Je nach Ausgangsgewebe, zytogenetischem Befund und histologischem Bild können verschiedene Nierenzellkarzinome unterschieden werden. Am häufigsten tritt das klassische Nierenzellkarzinom auf. Es wird auch als Klarzellkarzinom bezeichnet. Weitere Formen des Nierenzellkarzinoms sind das chromophile beziehungsweise papilläre Karzinom und das chromophobe Karzinom. Eher selten entwickelt sich ein Ductus-Bellini-Karzinom. Es wird auch als Sammelrohrkarzinom bezeichnet.

Ursachen

Die genaue Ätiologie des Nierenzellkarzinoms ist noch unklar. Bekannt ist, dass Männer deutlich häufiger erkranken als Frauen. Patienten, die am Hippel-Lindau-Syndrom leiden, erkranken gehäuft. Das Hippel-Lindau-Syndrom ist eine autosomal-dominant vererbte Erkrankung, die mit Gefäßmissbildungen im Gesicht und im Zentralnervensystem einhergeht.

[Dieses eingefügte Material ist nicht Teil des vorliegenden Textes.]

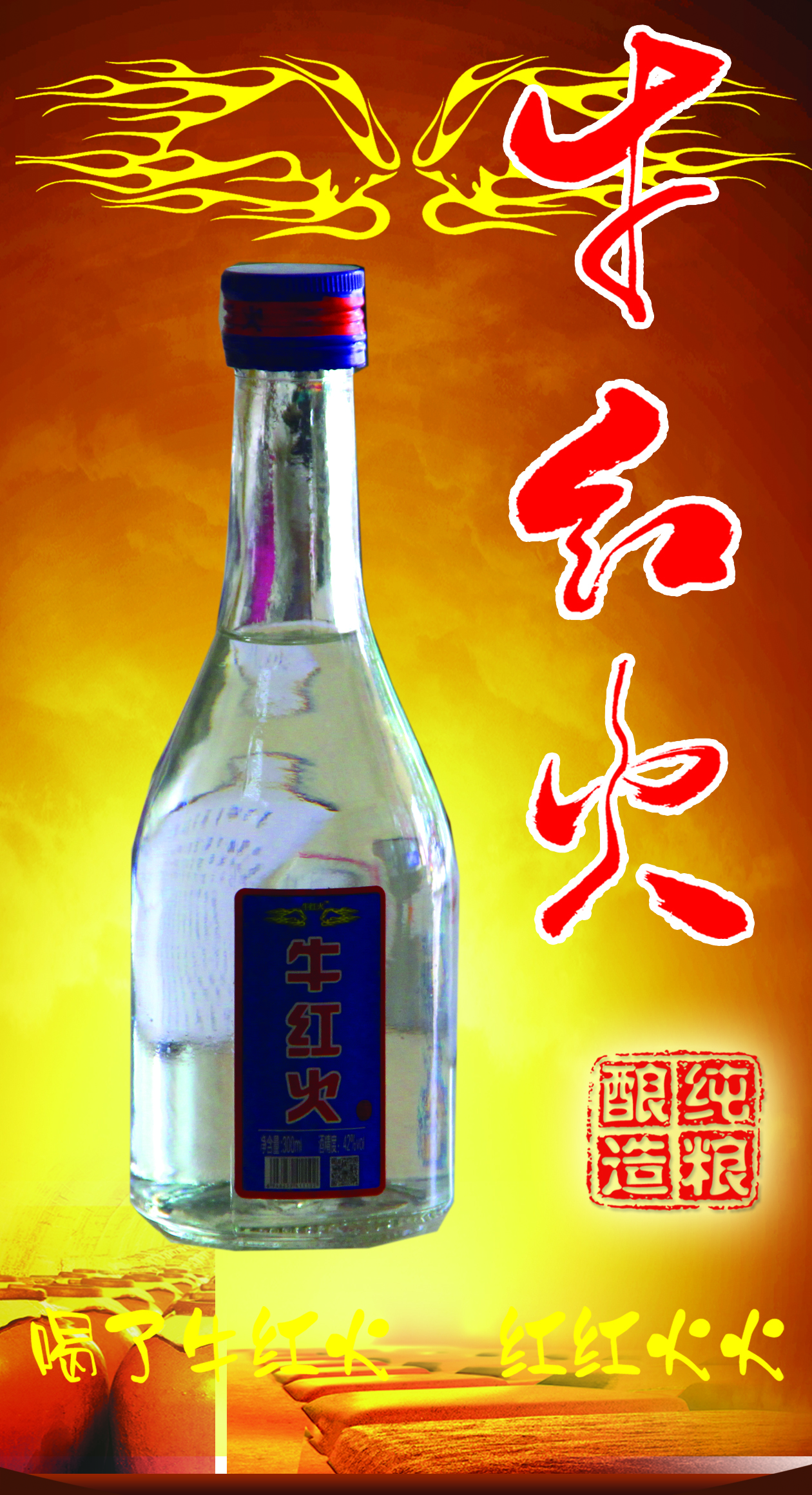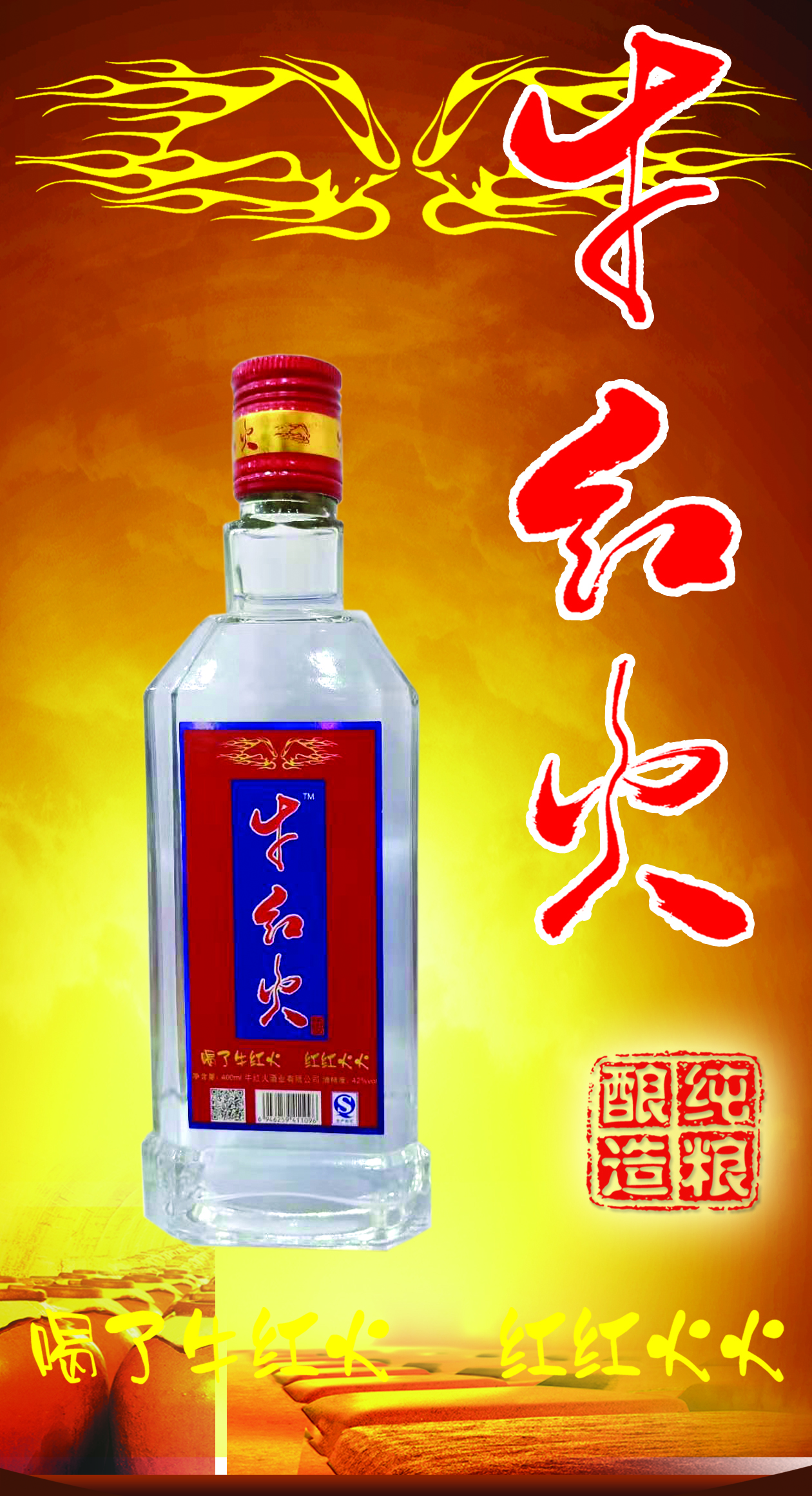当今国人追求“牛“,牛人牛事牛遍华夏神州;当今国家*红火,国事家事事事红红火火;所以,长江后浪推前浪,牛红火酒业”牛红火“应运而生。
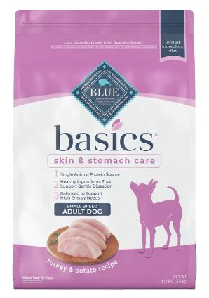 - LIMITED INGREDIENT SMALL BREED DOG FOOD: BLUE Basics is a limited ingredient dog food that doesn’t contain any chicken, beef, corn, wheat, soy, dairy or eggs making it a good option for dogs with food sensitivities. Plus, it features small-bite kibble and is specifically formulated with a balance of carbohydrates and protein to help meet the unique energy needs of small breed dogs.

Risikofaktoren für ein Nierenzellkarzinom sind hohes Alter, eine chronische Niereninsuffizienz, Rauchen, Bleibelastung, Kadmiumbelastung, eine langjährige Therapie mit Schmerzmitteln, die angeborene tuberöse Sklerose und der Kontakt zu Trichloreten.

Symptome, Beschwerden & Anzeichen

Das Nierenzellkarzinom verursacht in der Regel erst dann Symptome, wenn der Tumor schon recht groß ist. Frühsymptome gibt es normalerweise nicht. Die Tumorzellen wachsen zunächst zentral im Parenchym und haben somit keinen Anschluss an das Tubulussystem der Niere.

Ein Nierenzellkarzinom im Frühstadium ist somit häufig nur ein Zufallsbefund bei einer Ultraschalluntersuchung der Bauchorgane. Fast 70 Prozent aller Nierentumore werden zufällig bei bildgebenden Untersuchungen wie Sonografie, Computertomografie oder Magnetresonanztomografie gefunden. Ein charakteristisches und bedrohliches Spätsymptom des Nierenzellkarzinoms ist Blut im Urin. Diese sogenannte Hämaturie tritt plötzlich auf und ist schmerzlos.

Weitere Symptome des Nierenzellkarzinoms sind eher unspezifisch. So kann der Tumor Schmerzen in der Flanke hervorrufen. Besonders ausgeprägte Tumore sind im Flankenbereich tastbar. Im Rahmen der Krebserkrankung können sogenannte B-Symptome auftreten. Dazu gehören Gewichtsverlust, eine erhöhte Infektanfälligkeit, Nachtschweiß und Fieber. Die Betroffenen sind nicht mehr so leistungsfähig wie früher.

Eventuell kommt es zu einer Anämie mit Müdigkeit, Haarausfall, Atembeschwerden bei Belastung und starker Blässe. Wenn der Tumor in die linke Nierenvene einwächst oder die linke Nierenvene komprimiert, kann sich beim Mann eine Krampfader am Hoden entwickeln. Diese wird auch als Varikozele bezeichnet.

Selten entwickelt sich beim Nierenzellkarzinom ein paraneoplastisches Syndrom. Als paraneoplastisches Syndrom werden die Begleitsymptome einer Krebserkrankung bezeichnet, die nicht durch den Tumor entstehen. Beim Nierenzellkarzinom kann das paraneoplastische Syndrom durch Tumorzellen hervorgerufen werden, die Hormone wie Renin, Erythropoetin, ACTH oder Parathormon bilden.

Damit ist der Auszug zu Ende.